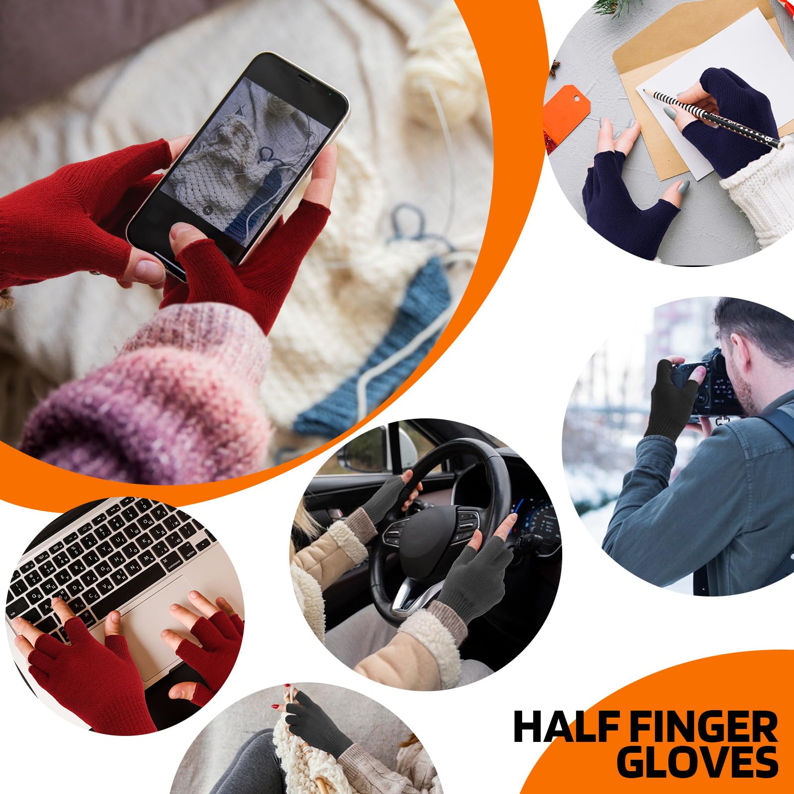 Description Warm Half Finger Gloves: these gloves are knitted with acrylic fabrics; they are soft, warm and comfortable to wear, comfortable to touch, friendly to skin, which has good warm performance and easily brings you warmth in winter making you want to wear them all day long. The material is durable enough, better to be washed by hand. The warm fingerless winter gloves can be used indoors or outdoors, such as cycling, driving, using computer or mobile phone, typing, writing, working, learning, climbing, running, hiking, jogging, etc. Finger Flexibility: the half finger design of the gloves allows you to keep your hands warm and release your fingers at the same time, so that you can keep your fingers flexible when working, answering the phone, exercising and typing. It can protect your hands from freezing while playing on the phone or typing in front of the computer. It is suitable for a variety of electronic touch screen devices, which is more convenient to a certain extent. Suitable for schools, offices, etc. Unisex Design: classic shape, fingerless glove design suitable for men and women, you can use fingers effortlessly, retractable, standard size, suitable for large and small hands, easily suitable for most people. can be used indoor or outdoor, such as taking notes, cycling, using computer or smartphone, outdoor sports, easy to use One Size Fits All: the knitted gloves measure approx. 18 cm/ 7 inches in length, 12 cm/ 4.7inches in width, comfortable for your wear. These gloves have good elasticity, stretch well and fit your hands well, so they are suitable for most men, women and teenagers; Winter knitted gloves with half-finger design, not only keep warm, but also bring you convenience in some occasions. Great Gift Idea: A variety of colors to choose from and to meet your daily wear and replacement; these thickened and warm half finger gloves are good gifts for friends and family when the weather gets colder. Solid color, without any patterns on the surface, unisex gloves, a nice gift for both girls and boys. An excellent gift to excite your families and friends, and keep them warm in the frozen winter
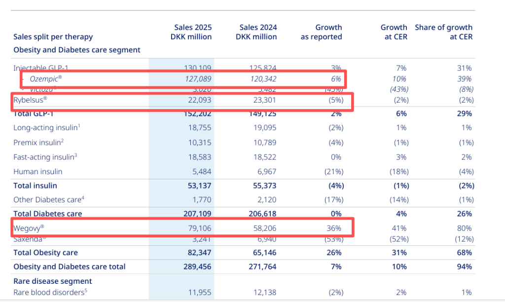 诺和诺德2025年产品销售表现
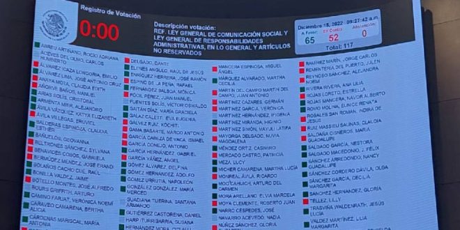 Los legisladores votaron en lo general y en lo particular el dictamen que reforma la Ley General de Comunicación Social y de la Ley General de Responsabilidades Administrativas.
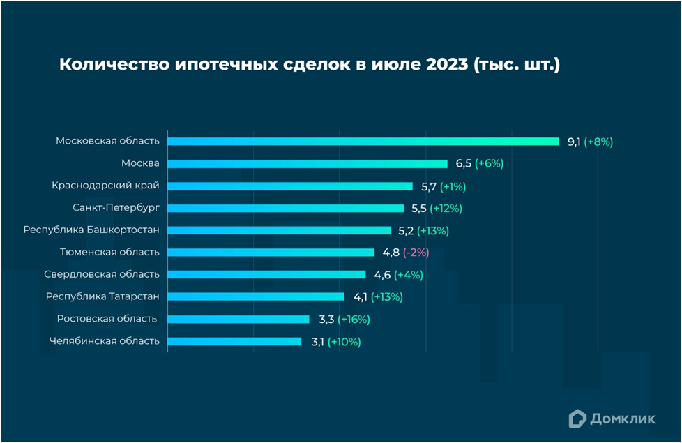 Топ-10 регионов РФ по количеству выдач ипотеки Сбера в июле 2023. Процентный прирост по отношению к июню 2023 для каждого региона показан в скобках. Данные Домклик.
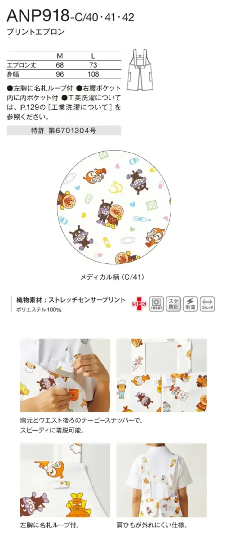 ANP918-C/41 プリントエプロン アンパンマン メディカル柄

------------------------------

YOUR OBJECTIVE ▸ Pictures are to be omitted from the copy, and only the lines from the one containing "Los legisladores votaron" through the final line of the listing above are to be written out exactly.

EXERCISE RESULT ▸
 Los legisladores votaron en lo general y en lo particular el dictamen que reforma la Ley General de Comunicación Social y de la Ley General de Responsabilidades Administrativas.
 Топ-10 регионов РФ по количеству выдач ипотеки Сбера в июле 2023. Процентный прирост по отношению к июню 2023 для каждого региона показан в скобках. Данные Домклик.
 ANP918-C/41 プリントエプロン アンパンマン メディカル柄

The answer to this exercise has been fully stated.